Davacı vekili istinaf dilekçesinde; bilirkişi raporuna göre dava konusu taşınmazın güney sınırında yer alan 124 ada 3 parsel sayılı taşınmaz ile dava konusu taşınmazın toprak yapısı ve bitki örtüsü bakımından farklılıklarının davacı tarafça kullanılmasından kaynaklandığını, yine bilirkişi raporuna göre dava konusu taşınmaz üzerindeki ağaçların yaşları hesaplanmak suretiyle zilyetlik süresi hesaplanmış ise de, dava konusu taşınmazın taraflar arasında çekişmeli olan kısmında ağaç bulunmadığını belirterek, kararın kaldırılmasını ve davanın kabulüne karar verilmesini talep etmiştir.

C. Gerekçe ve Sonuç

Trabzon Bölge Adliye Mahkemesi 3. Hukuk Dairesi 03.11.2020 tarihli, 2020/508 E.2020/486 K. sayılı kararıyla; dava konusu taşınmaz olan Artvin ili, Şavşat ilçesi ... köyü çalışma alanında bulunan 124 ada 2 parsel sayılı 8.801,61 m2 yüz ölçümündeki taşınmazın kazandırıcı zamanaşımı zilyetliğine dayanılarak belgesizden davalı ... tespit edildiği ve kadastro tespitinin kesinleştiği, davanın hak düşürücü süre içerisinde açıldığı, dosya kapsamına göre mahkemenin vakıa ve hukuki değerlendirmesinde usul ve esas yönünden yasaya aykırılık bulunmadığından davacı vekilinin istinaf başvurusunun esastan reddine karar verilmiştir.

V. TEMYİZ

A.Temyiz Yoluna Başvuranlar

Bölge Adliye Mahkemesi kararına karşı süresi içerisinde davacı vekili tarafından temyiz başvurusunda bulunulmuştur.

B. Temyiz Nedenleri

Davacı vekili temyiz dilekçesinde; istinaf dilekçesindeki beyanlarını tekrar ile kararın bozulmasına karar verilmesini talep etmiştir.

C. Gerekçe

1. Uyuşmazlık ve Hukuki Nitelendirme

Dava; kadastro öncesi nedene dayalı tapu iptali ve tescil isteğine ilişkindir.

2. İlgili Hukuk

4721 sayılı Türk Medeni Kanunu'nun 6. maddesinde, "Kanunda aksine bir hüküm bulunmadıkça, taraflardan her biri, hakkını dayandırdığı olguların varlığını ispatla yükümlüdür."

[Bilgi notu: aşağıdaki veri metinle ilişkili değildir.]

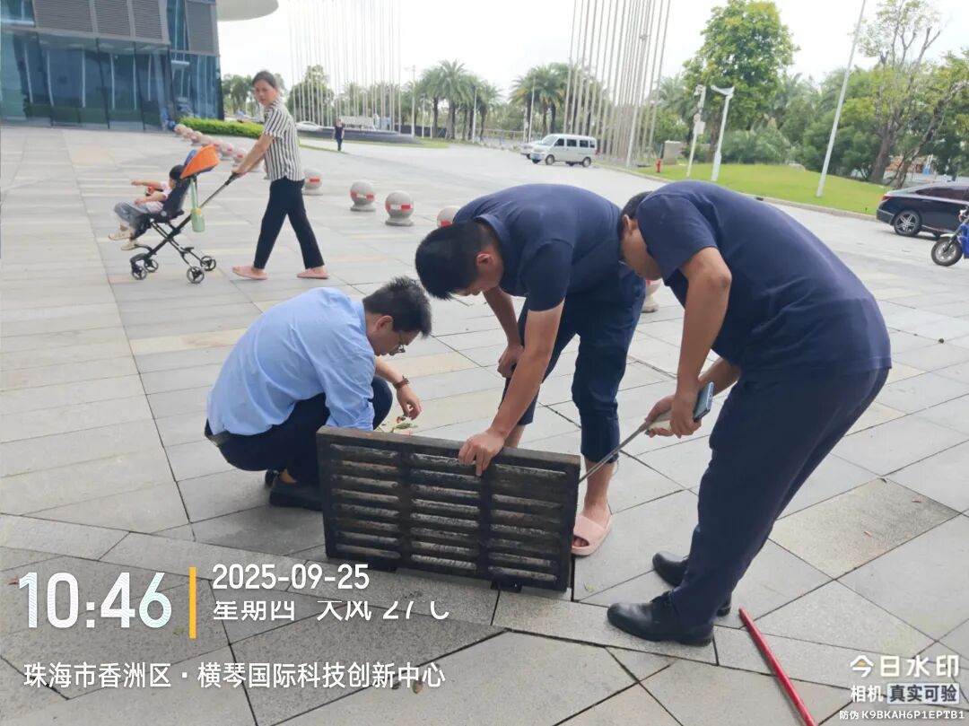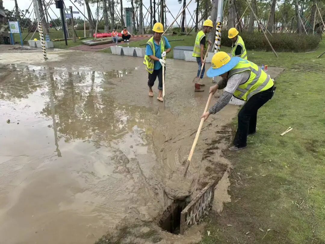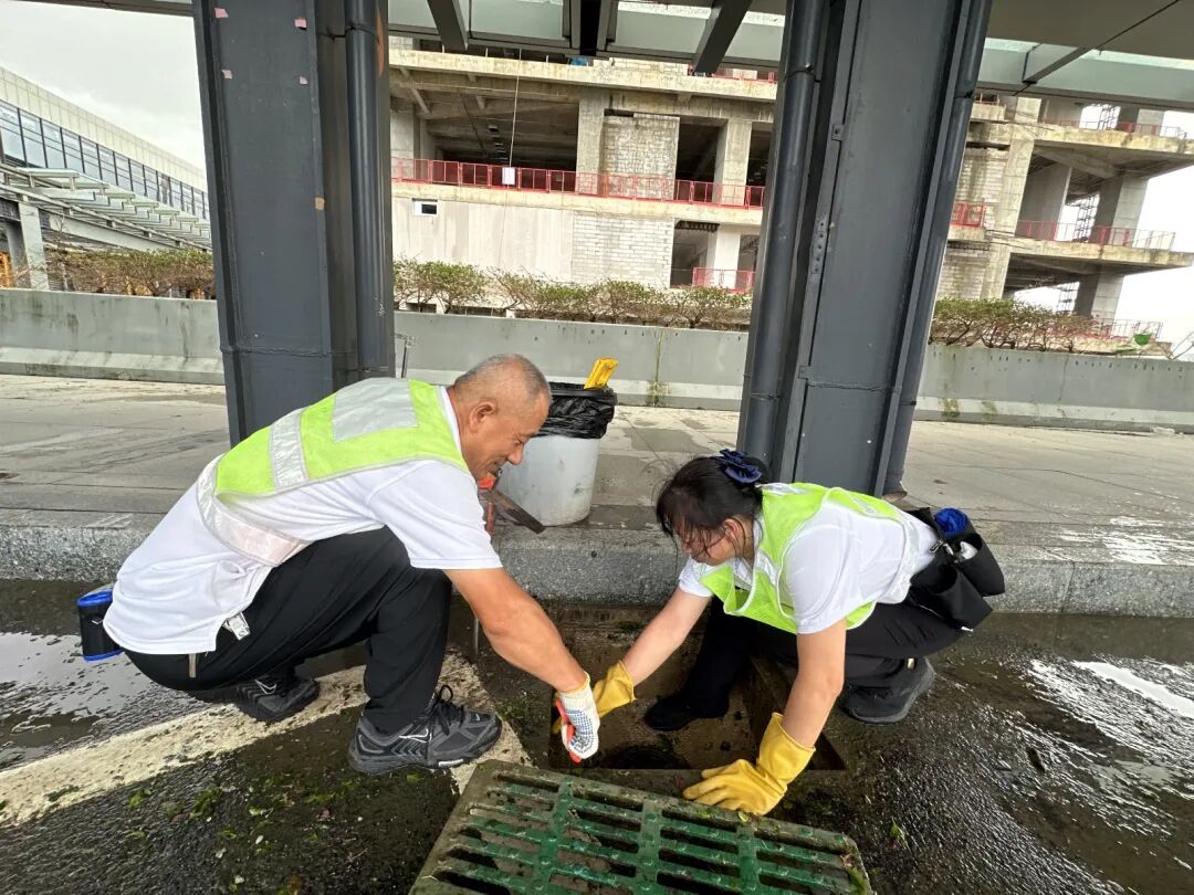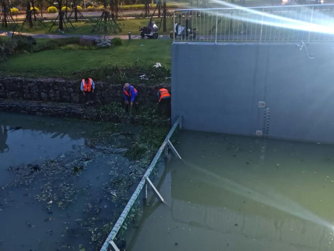 臺風期間,受風暴潮影響,橫琴天沐河水位上漲,珠光集團迅速組織搶險力量,通過加筑沙袋有效阻止海水倒灌進天沐河,同步安全轉移設備設施,并緊急安裝抽水設備清理積水,避免變電房被水浸泡。臺風過境后,搶險隊伍立即投入后續清理工作,第一時間清理泵站進水口垃圾,保障泵站排水通暢,降低村渠水位;清理排水口垃圾,保障土渠排水暢通;并全力協助合作區市政管理署,清理倒塌的邊境圍網。

6100 sayılı HMK’nın 190. maddesinde, "İspat yükü, kanunda özel bir düzenleme bulunmadıkça, iddia edilen vakıaya bağlanan hukuki sonuçtan kendi lehine hak çıkaran tarafa aittir."

3402 sayılı Kadastro Kanunu’nun 12/3. maddesi; “Bu tutanaklarda belirtilen haklara, sınırlandırma ve tespitlere ait tutanakların kesinleştiği tarihten itibaren on yıl geçtikten sonra, kadastrodan önceki hukuki sebeplere dayanarak itiraz olunamaz ve dava açılamaz.” hükmünü içermektedir.

3. Değerlendirme

Dosya içeriğine, (IV/3.) numaralı paragrafta yer verilen Bölge Adliye Mahkemesi kararının dayandığı yasal ve hukuksal gerekçelere ve delillerin takdirinin yerinde bulunmasına göre, yazılı şekilde karar verilmesinde bir isabetsizlik bulunmamaktadır.

VI. KARAR

Açıklanan sebeplerle;

Davacının yerinde bulunmayan temyiz itirazlarının reddiyle usul ve yasaya uygun olan Bölge Adliye Mahkemesi kararının 6100 sayılı HMK'nın 370 inci maddesi uyarınca ONANMASINA,

492 sayılı Harçlar Kanunu'nun değişik 13. maddesinin j. bendi gereğince Hazineden harç alınmasına yer olmadığına,

15.02.2023 tarihinde kesin olmak üzere oy birliğiyle karar verildi.